A “Slightly” Eclectic Singapore Apartment Shows How to Be Cozy Without “Overly Decorated”
Name: Serene; husband, Jude; and daughter, Sophie
Location: Singapore
Type of home: Apartment
Size: 1,216 square feet
Years lived in: 9 months, owned
Tell us a little (or a lot) about your home and the people who live there: Our home doesn’t really have a theme or concept — we had brought over most of the furniture from our previous apartment and so our guiding principle was to just make sure everything fit in the new place and that it still felt like WE live in it. Hence the slight eclecticism.
We intentionally didn’t want it to feel overly decorated or curated, and it was important to us that this felt like home, and not some interior decorator’s fever dream. So a lot of what made our old flat home is very much a part of this one too — my husband’s vinyl collection, our books, knickknacks we’ve collected over the years, and our posters and art prints that have traveled across oceans and four homes with us, etc.
Because it’s important that our home reflects the journey(s) we’ve taken as a family, everything you see was slowly collected over the almost two decades we’ve been together, especially our wall art. Every piece on the wall contains a memory of either a place, a time, or an experience we don’t want to forget.

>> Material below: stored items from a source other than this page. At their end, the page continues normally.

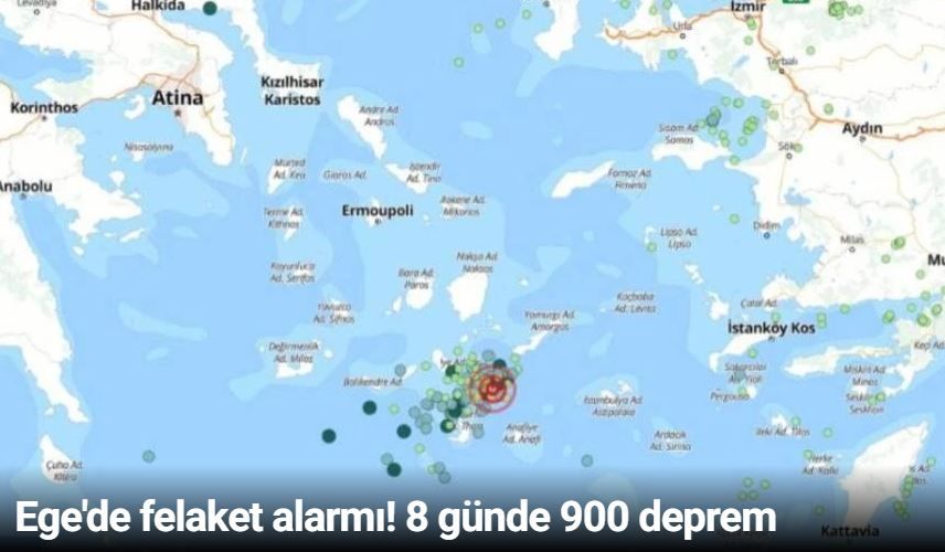 “Ege Denizi içinde, Santorini Adası ve civarında meydana gelen ve 28 Ocak 2025 tarihinden itibaren yoğunlaşmaya başlayan depremlerin sayısı 5 Şubat 2025 itibariyle 900’ün üzerine çıkmıştır. Depremlerin dağılımı görülmektedir. Deprem fırtınası şeklinde gelişen bu aktivite sonucunda kaydedilen en büyük deprem 5.1 Mw büyüklüğündedir. Depremler Santorini Adası’nın yaklaşık 25 km kuzeydoğusunda artış göstermekte olup derinlikleri 5 km ile 25 km arasında değişmektedir. Ülkemiz kıyılarına en yakın deprem 140 km mesafededir.''
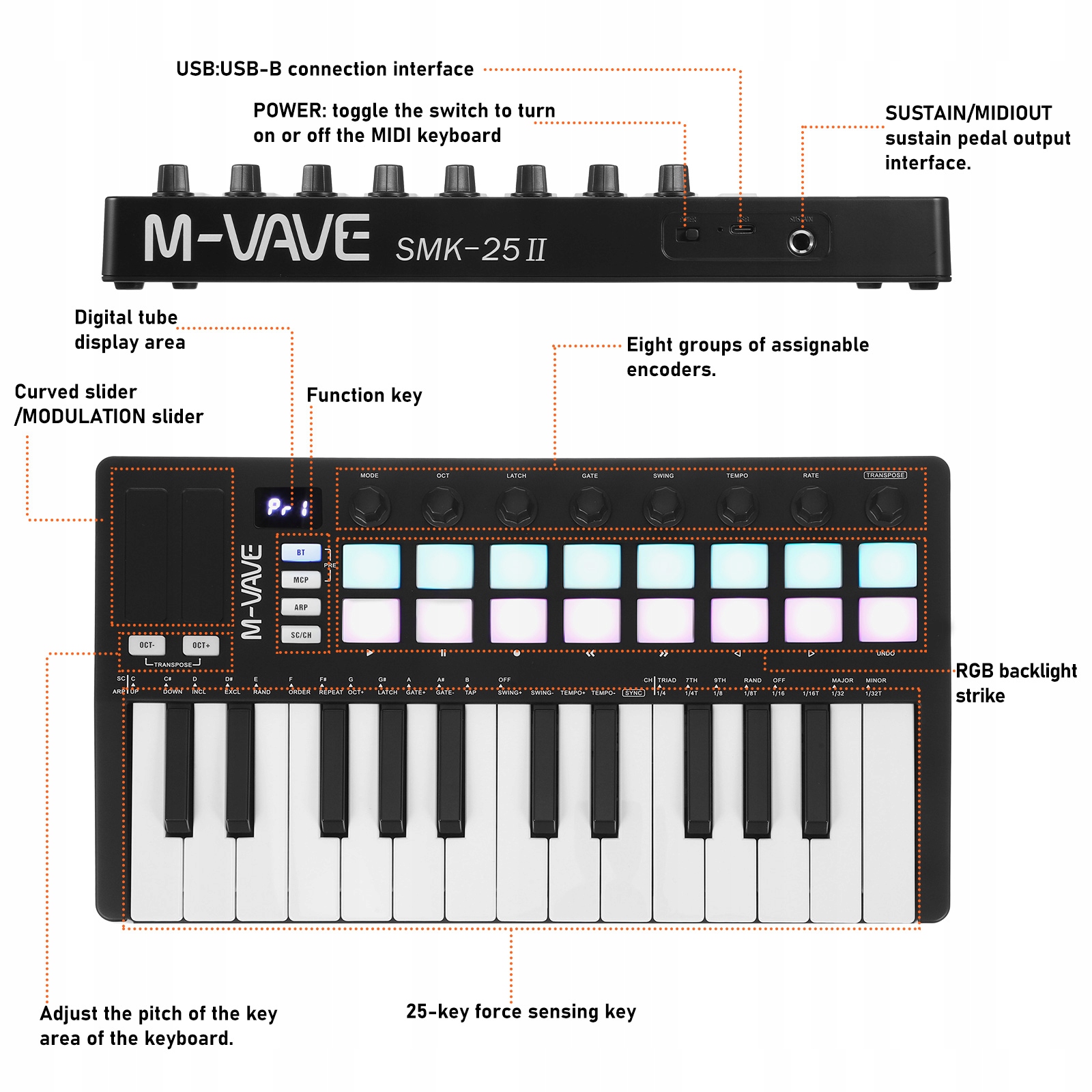 🎹 MIDI M-VAVE SMK-25 II Контролер клавіш-25 Клавіші Професійний інструмент для виробництва музики (чорний)
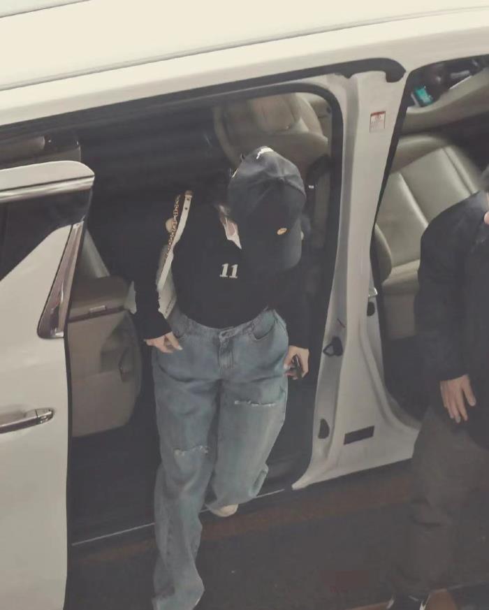 画面中,赵丽颖身穿一件黑色短款紧身上衣,下身宽松的破洞浅色牛仔裤搭配白色运动鞋,头戴棒球帽,整个装扮随性又不失时尚感。

Two maps illustrated by Libby VanderPloeg are particularly meaningful: one of Michigan, and the other of San Francisco. My husband spends more than half the year working in San Francisco and so it was important for us to bring a bit of our second home into this one. And we went to graduate school in Ann Arbor, Michigan, for close to 10 years, so when Libby put this map up for sale as well, we grabbed it immediately. Every time I walk past these two maps, they make me smile.
Describe your home’s style in 5 words or fewer: Eclectic, layered, personal.

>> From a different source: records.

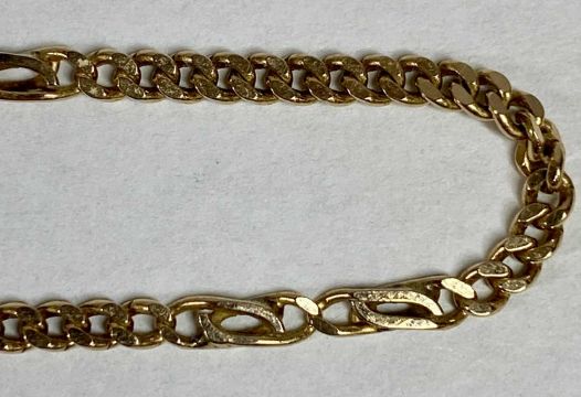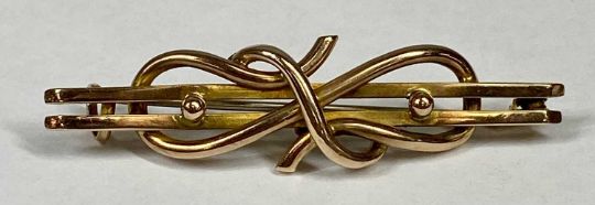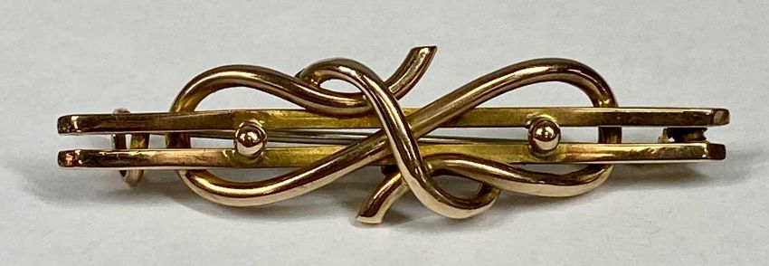 GOLD JEWELLERY, 9ct gold flat link curb necklace, 41cms (l) and 9ct rose gold knot brooch, 9gms (gross)Provenance: private collection Gwynedd
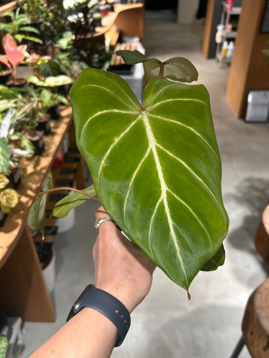 クリーム色の葉脈がくっきりと浮き出る独特な模様をしているのが特徴です。
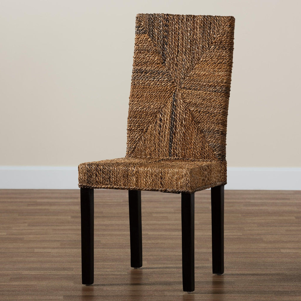 bali & pari Laymi Modern Bohemian Mahogany Wood and Seagrass Dining Chair
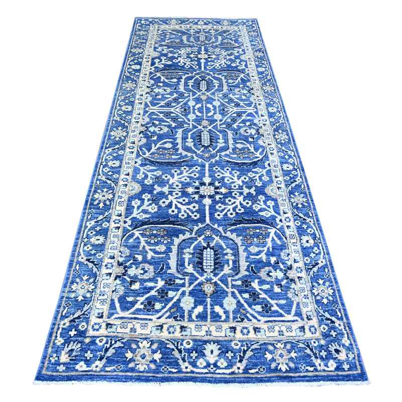 3’7″x10′ Sapphire Blue, Vegetable Dyes, Densely Woven, Fine Peshawar with Heriz Design, Natural Wool, Hand Knotted, Wide Runner Oriental Rug Sh74542
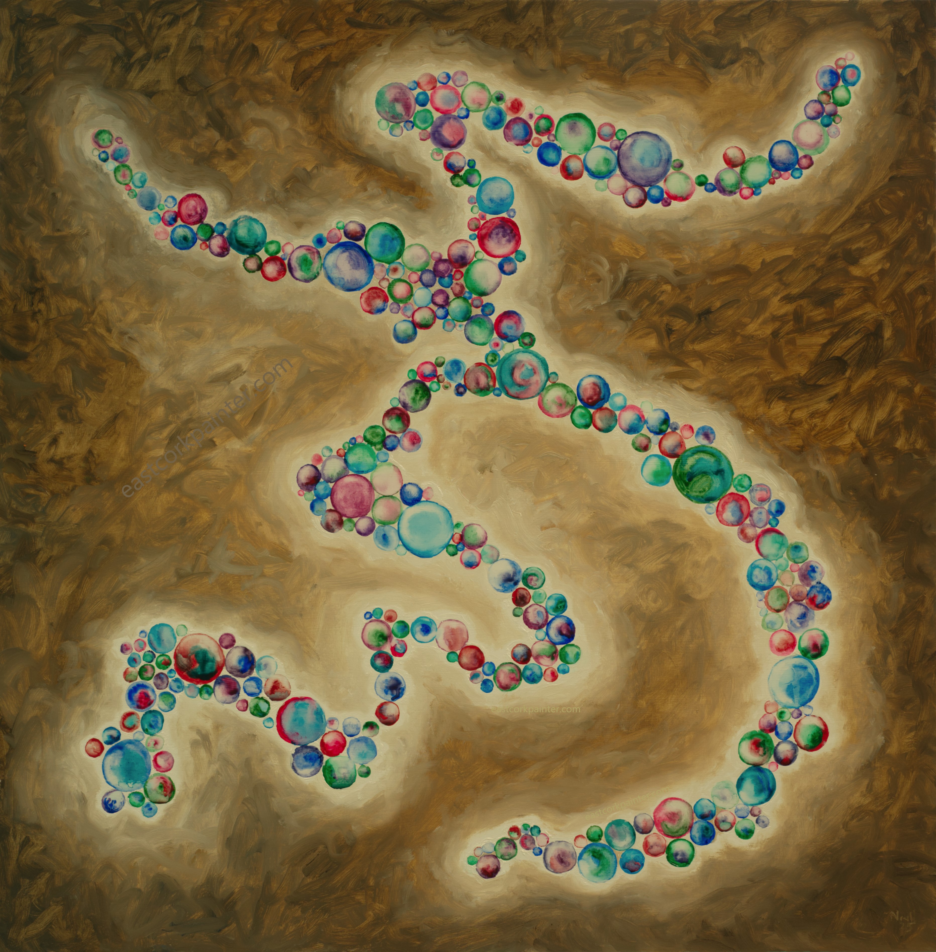 I recently saw a film about Hilma af Klint’s life. I needed a break from figurative painting so I did something more abstract. Acrylic paint is basically plastic so I wanted to explore the idea of pollution at sea, and how out of place yet beautiful to look at it can be. No two discs are the same. The natural background and white glow is oil paint.

What is your favorite room and why? I love our living/dining room. We get lots of natural light and fresh air and even though we have a home office, I often like doing work outside just to be in that space.

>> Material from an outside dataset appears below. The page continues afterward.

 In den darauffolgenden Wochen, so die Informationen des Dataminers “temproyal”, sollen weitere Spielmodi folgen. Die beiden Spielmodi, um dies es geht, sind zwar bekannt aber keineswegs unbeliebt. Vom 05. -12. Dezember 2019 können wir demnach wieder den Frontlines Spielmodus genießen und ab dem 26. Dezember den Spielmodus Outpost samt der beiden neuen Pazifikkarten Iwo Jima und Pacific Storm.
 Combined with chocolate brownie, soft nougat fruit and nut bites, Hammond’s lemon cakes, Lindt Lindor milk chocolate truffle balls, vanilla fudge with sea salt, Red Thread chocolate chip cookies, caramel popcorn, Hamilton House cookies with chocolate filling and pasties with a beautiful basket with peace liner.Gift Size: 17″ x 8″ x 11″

Our apartment has what might first strike you as an odd floor plan, with lots of unconventional angles and corners. But I’ve grown to love it — especially at different times of the day when the light bounces off the various corners of the main living space and creates these interesting swooping shadows and lines. It’s fantastic.
What’s the last thing you bought (or found!) for your home? The thing I agonized over the most was lighting, and for a long time I yearned for the Verner Panton Flowerpot pendant lamps from &Tradition. But it felt like too much of a splurge and I had almost resigned myself to giving them up. And then I found a dealer who was willing to sell their last two display pieces at a discount. I was overjoyed. They now hang by our bedsides.
Any advice for creating a home you love? Fill it with memories. Don’t worry if things don’t match or if they feel old-fashioned or unstylish. I still have an old patchwork quilt blanket that my aunt made years ago and it’s now draped over a couch we had bought secondhand when we first moved back from Michigan, which sits next to a vintage Noguchi coffee table that a friend had helped us source. We also have a couple of “coffee-shop chairs” that were a dime a dozen in many Singapore coffee shops in the ’70s and ’80s, which were a gift from my husband’s mom. We now use them as our bedside “tables” just below the mid-century flowerpot lamps. None of these things look like they would “go together,” but they do to us, because they mean something to us.
This submission’s responses and photos were edited for length/size and clarity.